ApacheCon Europe 2012

Rhein-Neckar-Arena, Sinsheim, Germany

5–8 November 2012

Virtual Nodes: Rethinking Topology in Cassandra

Eric Evans

Audience level:
Advanced
Track:
NoSQL Database

Wednesday 2:45 p.m.–3:30 p.m. in Level 2 Right

Description

A discussion of the recent work to transition Cassandra from its naive 1-partition-per-node distribution, to a proper virtual nodes implementation.

Abstract

A content-addressable system works by creating a deterministic mapping between unique key and a name-space partition. How these partitions are distributed throughout a cluster of machines is key to a well functioning system.

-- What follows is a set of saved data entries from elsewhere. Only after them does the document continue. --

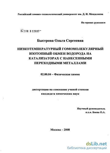 1.4. Гомомолекулярный изотопный обмен водорода на поверхности . 41
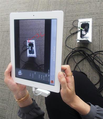新ARシステム「ビスタファインダーMxクラウド」は、スマホやタブレットなどで撮影した映像を遠隔地のパソコンに生中継。パソコン画面を見たベテラン技術者などが、映像に手書きで「ココは違う」などの指示を書き込むと、現場の作業員のスマホ画面に転送される仕組みだ。
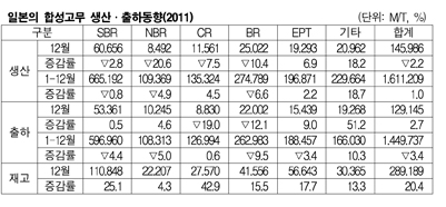 2011년 일본의 합성고무 출하량이 지진과 엔고의 영향으로 감소했다.
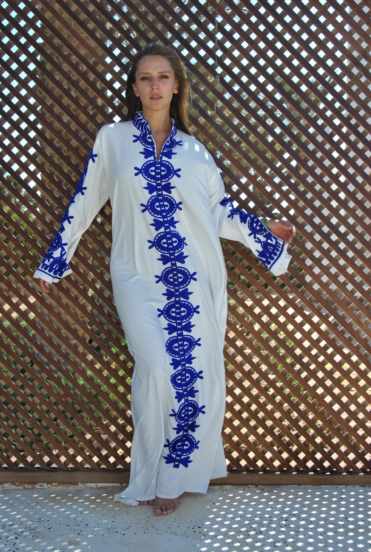 A stunning Kaftan dress that is simple, elegant, and classy! Feel like a Mediterranean queen with the flowing vibrant monotone embroidery that strikes memories of your favorite getaway. The dress is made of Egyptian cotton that has a soft feel to it so you will surely feel comfortable and royal in it. You can wear this Kaftan practically anywhere and for any occasion. You can dress it up with a pair of heels and strut like an Egyptian queen in any gathering, resort, or party. Or you can dress it down with a pair of sneakers/slippers and walk around your home feeling extremely free and comfortable while looking effortlessly stunning in your house dress. Fabric : 70% Egyptian Cotton; 30% Polyester.
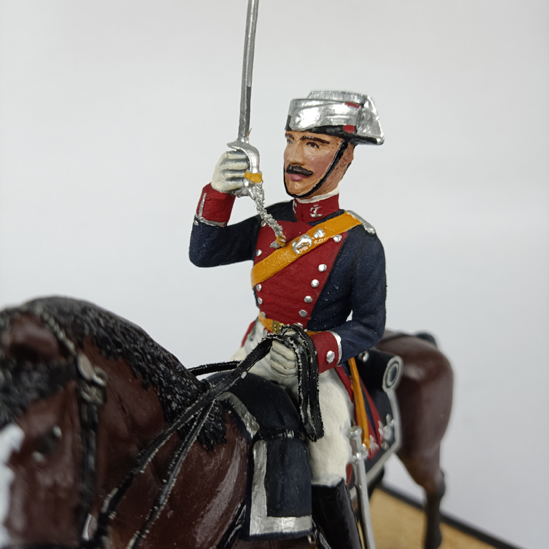 Destaca el alto nivel de detalle en el uniforme, caballo y equipo de montura, así como el cuidado trabajo de pintura en los tonos del caballo, los metales del casco y el sable, y los colores reglamentarios del uniforme. Muy buen tratamiento de luces y sombras en las superficies del caballo y la vestimenta, con un acabado general muy vistoso y de gran calidad, con excelente definición en los detalles pintados a mano, tal como se aprecia en las fotografías.
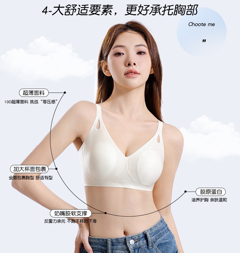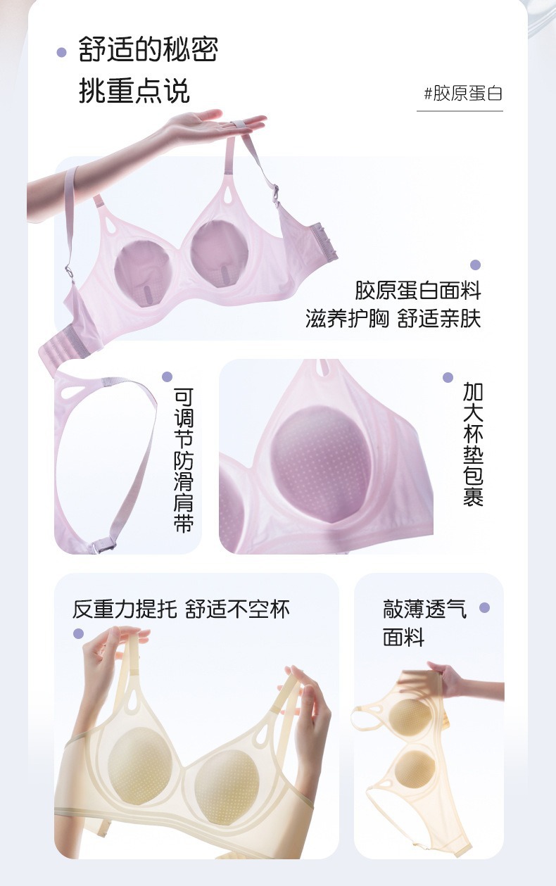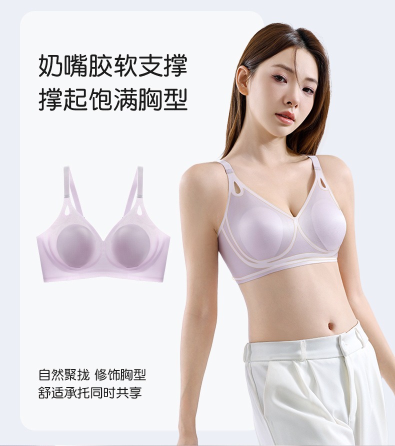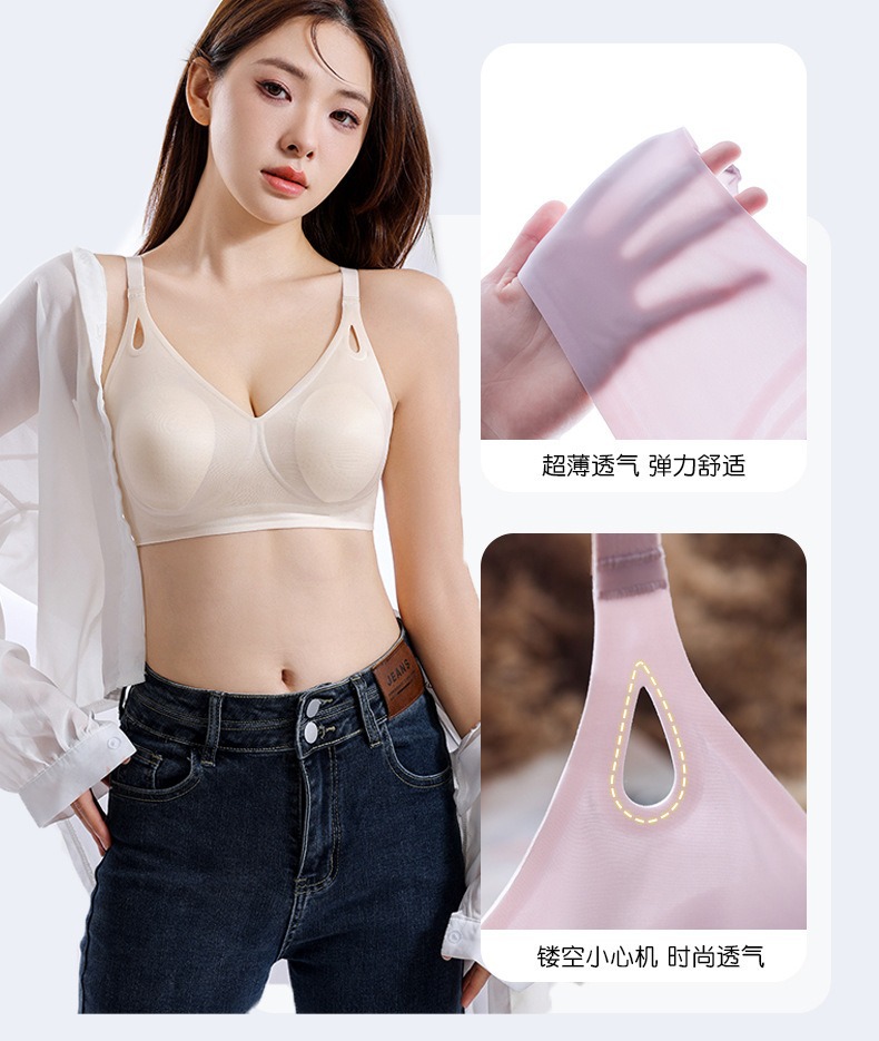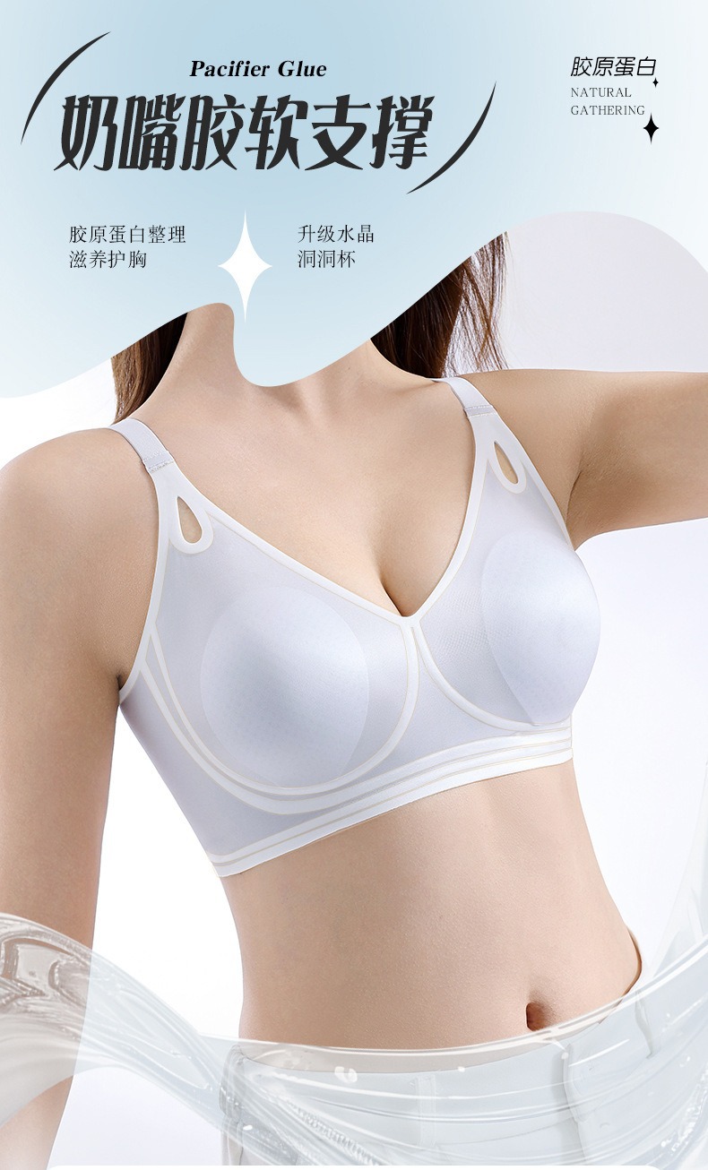 큰 가슴을 작은 가슴으로 보이게 하는 부드러운 지지력의 심리스 속옷 여성용 여름 얇은 리프팅 토끼 귀 컵 콜라겐 유지 보수 브라스토어 가기

The most naive approach to a one-hop DHT, uses a single unique token from within the key name-space assigned to each node. The range beginning with the next lowest sorting token and ending in the nodes token, makes up that nodes partition. This single partition per node distribution works, but suffers from a number of problems, not least of which is the small number of localized nodes involved in fail-over and repair, and the operational complexity of expanding the cluster without creating imbalance.

In the white-paper entitled Dynamo: Amazon's Highly Available Key-Value Store, Amazon's solution to partition distribution was to randomly assign many randomly allocated tokens to each machine in the cluster. This approach, referred to as "virtual nodes", permits cluster-wide parallelism during during fail-over and repair, and requires no manual intervention in maintaining a high degree of balance.

Despite the inspiration that Dynamo provided for Cassandra, an early design decision eschewed virtual nodes in favor of a simpler implementation. This talk will compare and contrast the differing approaches to distribution, the properties they provide, and will discuss the transition of Cassandra from 1-token-per-node, to a complete virtual nodes implementation.